Bridge legacy and modern applications with Amazon S3 Access Points for Amazon FSx

Organizations rely on file storage accessed from traditional, file-based, applications while simultaneously wanting to build modern, cloud-native applications and services that access the same underlying data. Consequently, many cloud-native apps are built to work with Amazon S3. Amazon Web Services (AWS) recently introduced a new capability, S3 Access Points for Amazon FSx which solves challenges for enterprises managing both legacy and modern applications. The new Amazon Simple Storage Service (Amazon S3) Access Points for Amazon FSx for NetApp ONTAP and Amazon FSx for OpenZFS enables seamless access to file data through both file protocols and Amazon S3 APIs.

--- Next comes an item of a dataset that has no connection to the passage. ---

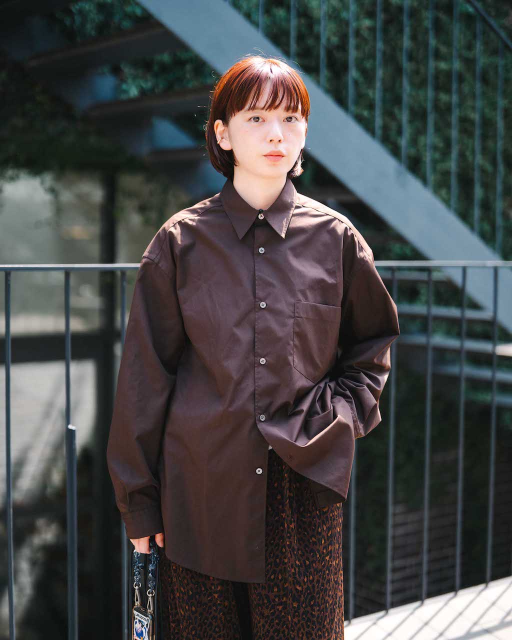 オーバーサイズのシャツとルーズなレオパードボトムを合わせた大人なオールブラウンルック。流行色を大胆に使うことで一気に旬の装いに。引き締め効果のある黒小物も好相性。

Using S3 Access Points with Amazon FSx allows concurrent, multi-protocol access to shared data sets from both file- and object-based applications. This dual-protocol capability means that you can get the best of both worlds without data duplication or complex synchronization mechanisms. Existing file-based applications continue accessing data through traditional file protocols (NFS, SMB), while cloud-native, serverless applications simultaneously access the same data using the Amazon S3 API. Furthermore, all of this is done without having to duplicate or move data between multiple storage services.

The business advantages are compelling, you can now build modern, event-driven, workloads using your enterprise file data. These event-driven architectures can automatically trigger AI inference workflows when new data arrives, initiate model training pipelines based on file modifications, process log files in real-time, and transform datasets on-demand, all without managing more infrastructure. This serverless approach delivers faster time-to-value for data-driven applications while you only pay for the compute that you actually use. This means that you remove the operational overhead of provisioning and managing dedicated servers, scale processing capacity automatically based on demand, and reduce both complexity and cost. Most importantly, you unlock innovation for your business without disrupting the legacy applications that still drive critical operations.

This post explores three serverless architecture patterns that show how S3 Access Points enable cloud-native applications to access Amazon FSx file data alongside your existing file-based workloads, bridging traditional and modern computing approaches without data duplication.

Architecture 1: Containerized applications on Amazon ECS with AWS Fargate

This architecture demonstrates how containerized serverless applications running on Amazon Elastic Container Service (Amazon ECS) with serverless compute through AWS Fargate can simultaneously access the same file data as traditional file-based applications running either on Amazon Elastic Compute Cloud (Amazon EC2) instances or from an on-premises environment. This pattern is ideal for organizations modernizing applications incrementally—running new microservices in containers while maintaining existing file-based applications without data duplication.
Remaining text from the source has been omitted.